Pur Autre Vie

I'm not wrong, I'm just an asshole

Monday, May 22, 2017

Racist Memes

A white college student is accused of killing a black college student (they attended different colleges), and it has been reported that the defendant is a member of the "Alt-Reich Nation" Facebook group. Of course the defendant is entitled to a presumption of innocence as a legal matter, and anyway I'm only in possession of what facts the media has reported. But it doesn't look good.

This reminds me of a piece that Jesse Singal wrote last fall. The piece explores the motivations of the trolls who generate and spread racist and anti-Semitic memes such as the "Pepe" meme that became so notorious during the 2016 election. Singal points out that the standard (and understandable) outrage that these memes generate is mostly what drives their creation, and he argues that people who criticize the memes fail to understand the motives behind them, which are not necessarily racist. (In fairness to Singal, he points out that it's not the victim's job to assess the intent of someone posting Holocaust memes.)
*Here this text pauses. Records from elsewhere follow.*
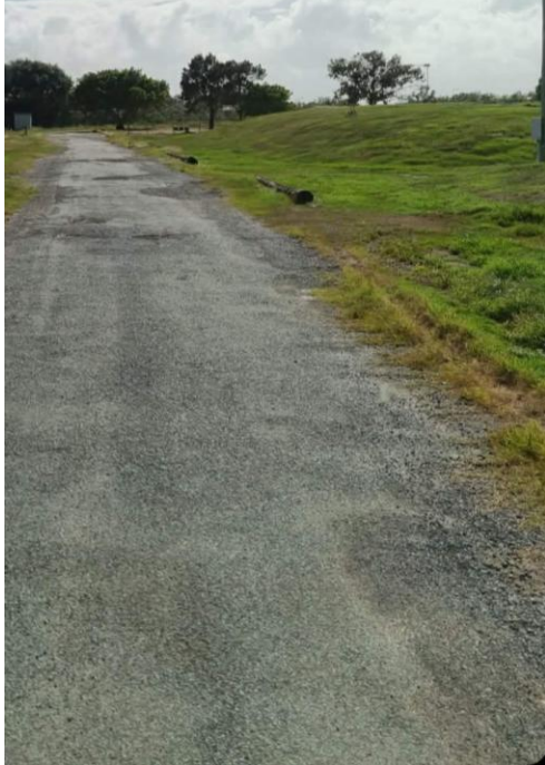
entry from front gate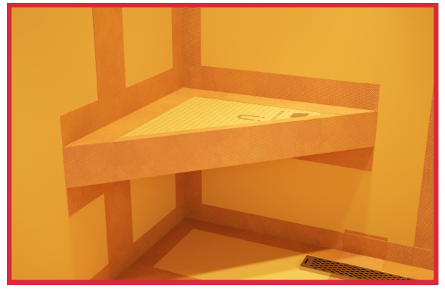
6. Apply a layer of thin-set then wrap the exposed sides in the provided Kerdi Band.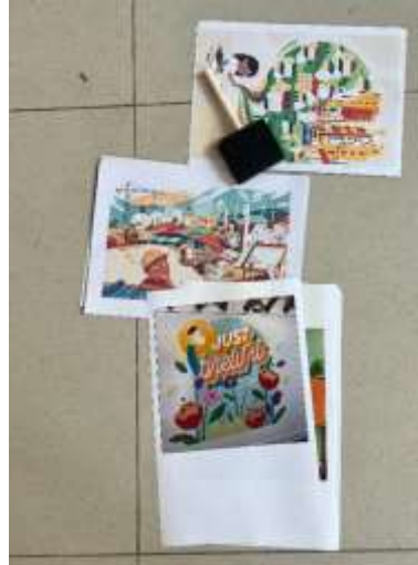
Figure 11. Print Out Some Sketches of Ideas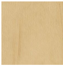
Bare 64200 LRV 39.1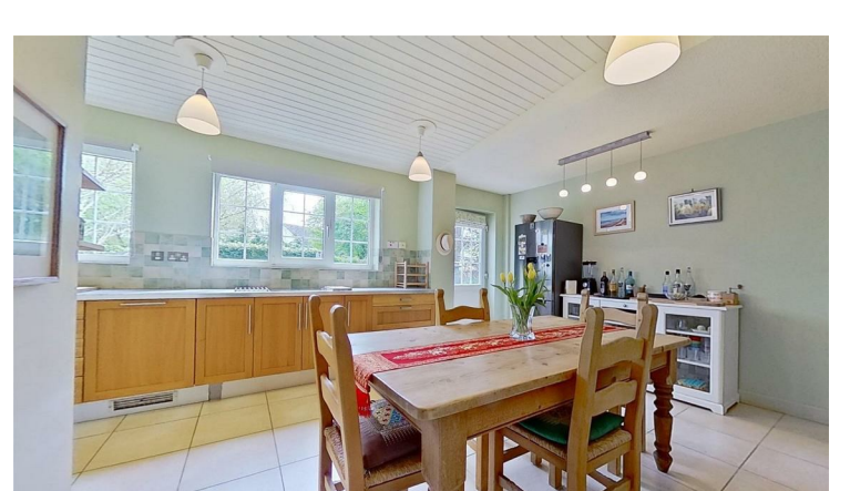
LIVING ROOM 7.90 m x 4.24 m (25"11" x 13"11")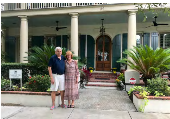
The Fowler's front garden

Our next award will be in October when we will be looking for I'On's Most Spooktacular Halloween House! Details to follow soon!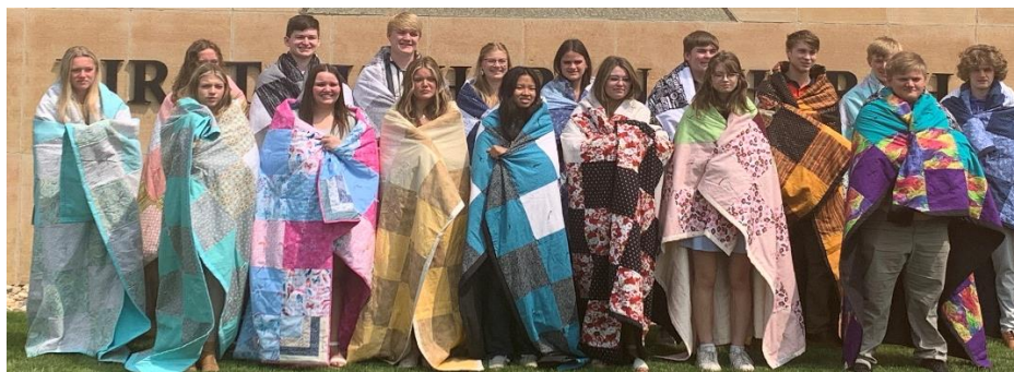
Quilters gift high school seniors a quilt at graduation

The First Lutheran Church Quilters are most appreciative of the fabric items and monetary donations that members of our church and community have provided to us for the many projects that have been completed throughout the year. Thank you to all that have assisted us in many ways. We have been blessed!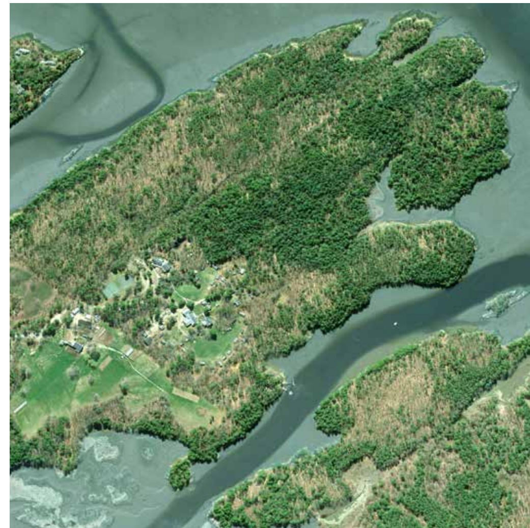
Our 400-acre campus, located on a saltwater peninsula named Chewonki Neck, is also home to our farm, challenge course, and miles of forested trails.

Sustainability—meeting the needs of the present generation while preserving the ability of future generations to meet their needs—is a core part of our mission. You will learn about sustainability and you will live it every day. You'll split wood to heat your cabin, turn compost, and care for the animals that work for and feed you. You'll join thoughtful dialogues about how each of us impacts the natural environment and how we can work toward meaningful change through advocacy and leadership.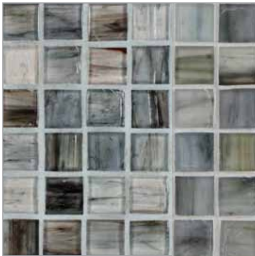
Natural | Silk Oxygen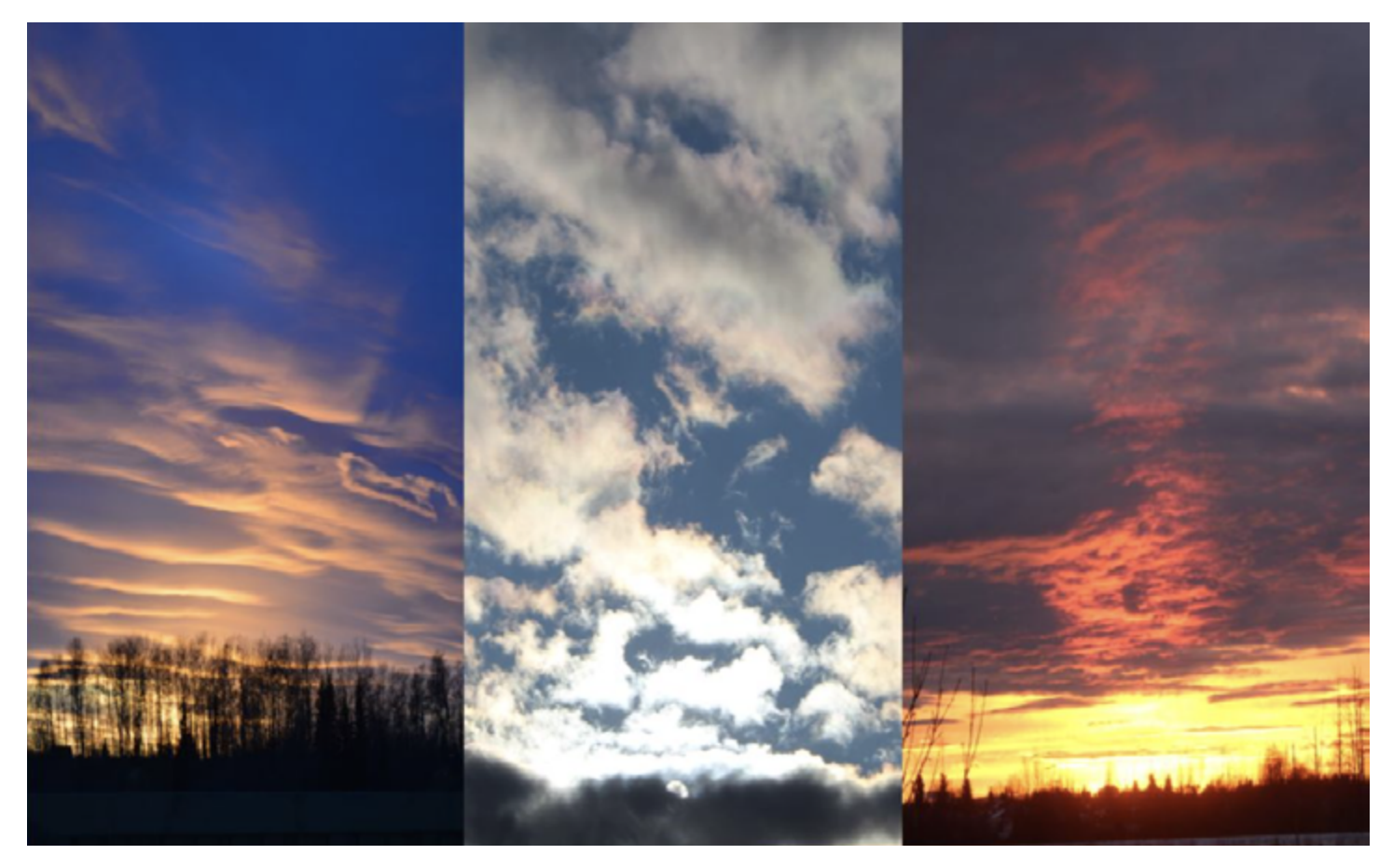
Figure 10. Glimpses of colliding cloud formations.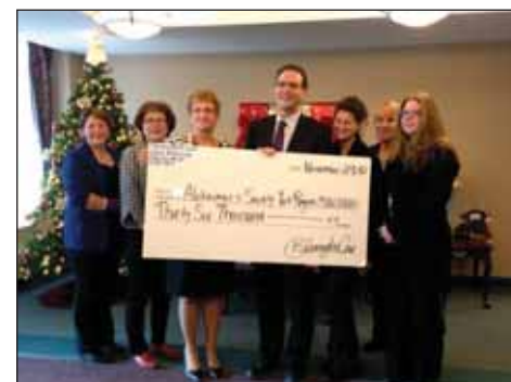
Bloomington Cove's annual Walk for Memories raised $36,000 for the Alzheimer Society of York Region in 2012, significantly exceeding the $6,000 raised in each of the previous two years.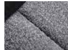
BASE/DUAL SPORT GRAY CLOTH with blue piping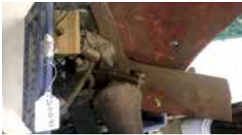
Lot#20241. Farmers lot, Oliver E1 Plow Point and more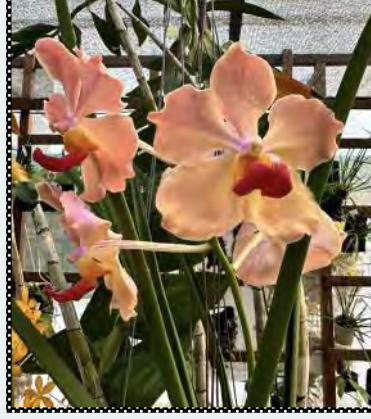
Papilionanda Xishan Mindful 85 (Papilionanda Josephine Van Brero x V. Prayard Muang Ratch)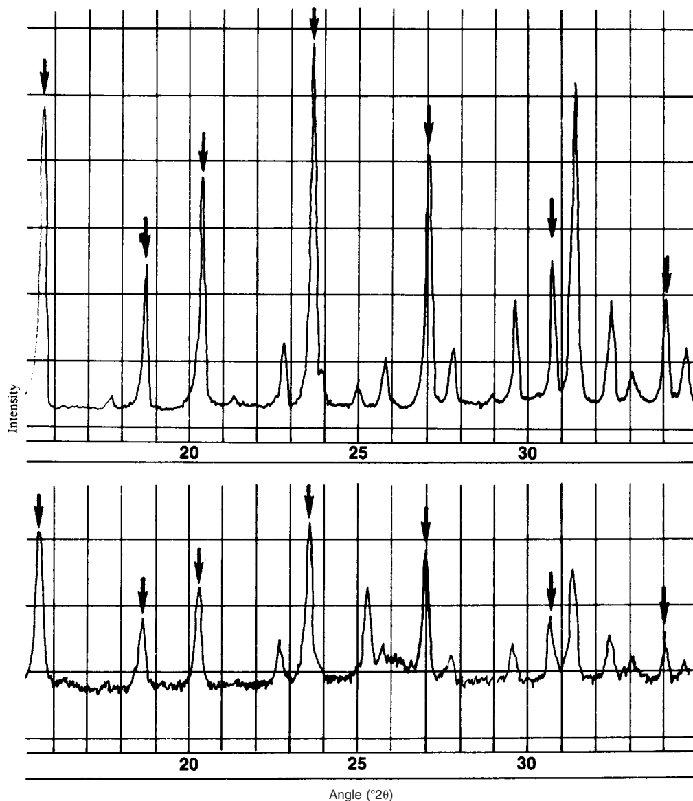
FIG. 1 X-Ray Diffraction Patterns of ASTM Zeolite Samples Upper—NaY; Lower—Cracking Catalyst Intensity

electron density distribution is dependent upon the extent of filling of pores in the zeolite with guest molecules, and on the nature of the guest molecules. In this XRD method, the guest molecule H_2O completely fills the pores. Intensity changes may also result if some or all of the cations in Y and X are exchanged by other cations.

Anyway assuming the allegations in the college stabbing are true, and assuming the killer was motivated by racist materials shared virally online, I think this points to an important factor that Singal's piece mostly didn't address, which is that the underlying intent of the racist memes is of limited relevance to their effect on the world. The people spreading racist memes must be held to account even if they are not themselves racist.

But another way of putting it is that racism isn't just about intent. The introduction to Kurt Vonnegut's Mother Night says, "We are what we pretend to be, so we must be careful about what we pretend to be." If you spend your time spreading racist ideas, riling people up, making them feel bad and oppressed, then maybe we can say that you are engaged in racism, despite your protestations that you are "not a racist."